Python Interactive Session
>>> from try_dom3 import *>>> py_obj.quotations[0].quotation[3].source[0]. PCDATA ' Guido van Rossum, '
Reschedule the DOM tree
One of the great advantages of DOM is that it allows programmers to manipulate XML documents in a non-linear fashion. Each block enclosed by a matching on/off tag is just a "node" in the DOM tree.

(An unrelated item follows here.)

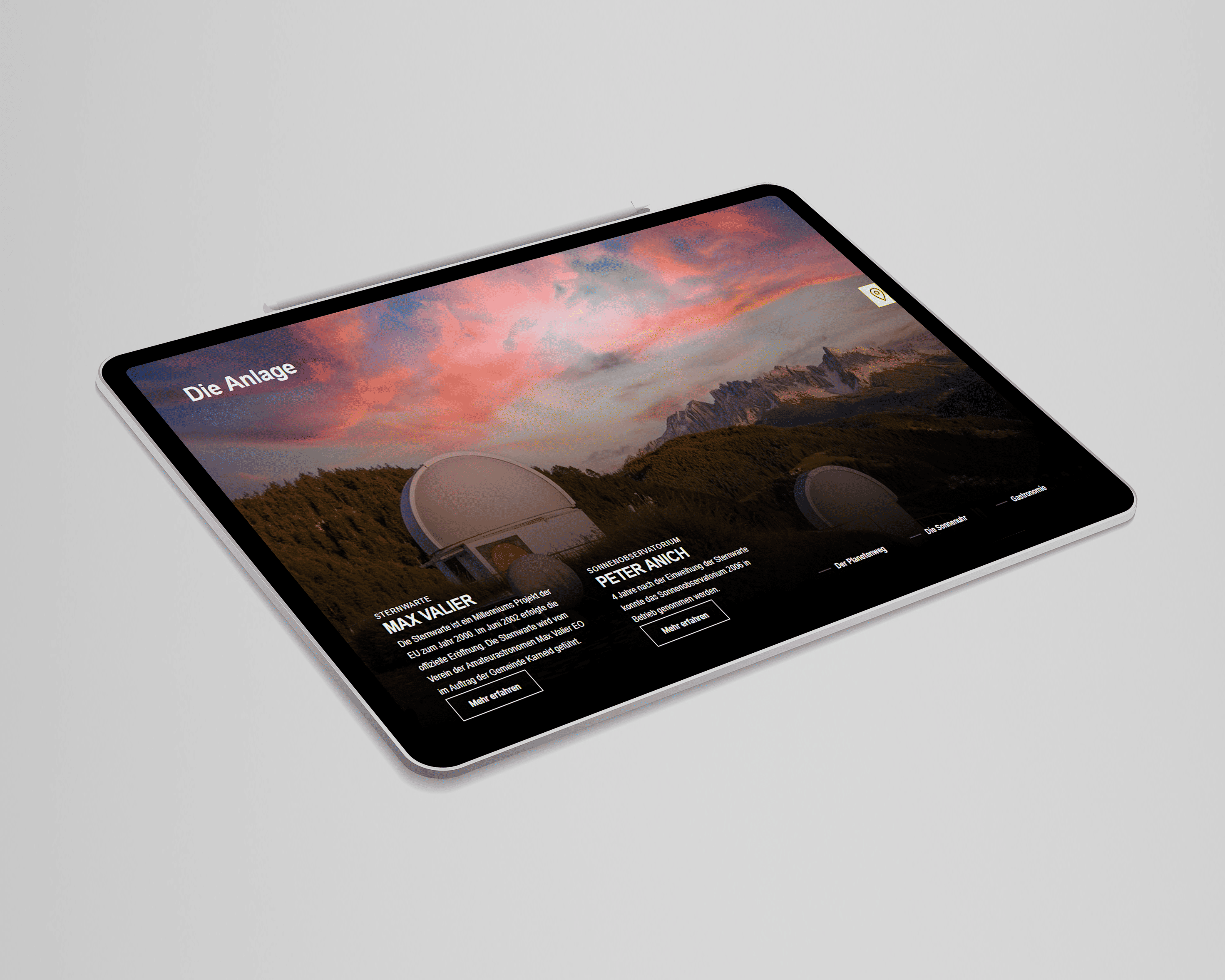 Die Sternwarte wird vom Verein der Amateurastronomen Max Valier EO im Auftrag der Gemeinde Karneid geführt. Der Verein organisiert ganzjährig Führungen für Interessierte der Astronomie. Auch wir durften uns das Planetarium in Gummer anschauen, damit wir uns bestens vorbereiten konnten die Webseite zu designen.

When nodes are maintained in a list-like manner to preserve sequential information, the order is nothing special or immutable. We can easily cut a node and graft it to another location in the DOM tree (if the DTD is allowed or even grafted on to another layer). Or add a new node, delete an existing node, and so on.
try_dom4.py
"" "Manipulate the arrangement of nodes in a DOM object" "" From try_dom3 Import * #-- Var ' Doc ' would hold the single
"trunk" doc = dom_obj.get_childnodes () [0] #--pull off all the nodes to a Python list# (each node is a
block, or a whitespace text node) nodes = [] While 1:try:node = Doc.removechild (doc . Get_childnodes () [0]) Except:break nodes.append (node) #--Reverse the order of T He quotations using a list method# (we could also perform more complicated operations on the list:# delete elements, add n EW ones, sort on complex criteria, etc.) Nodes.reverse () #--Fill ' Doc ' back to with our rearranged nodes for node in nodes: # If second arg is None, insert was to end of list Doc.insertbefore (node, None) #--Output the manipulated DOM print dom_obj.toxml ()
If we treat an XML document as a text file only, or use a sequence-oriented module such as Xmllib or Xml.sax, then performing a rescheduling of the quotation node in the above lines will lead to a problem worth considering. However, if you use the DOM, the problem is as simple as any other action performed on the Python list.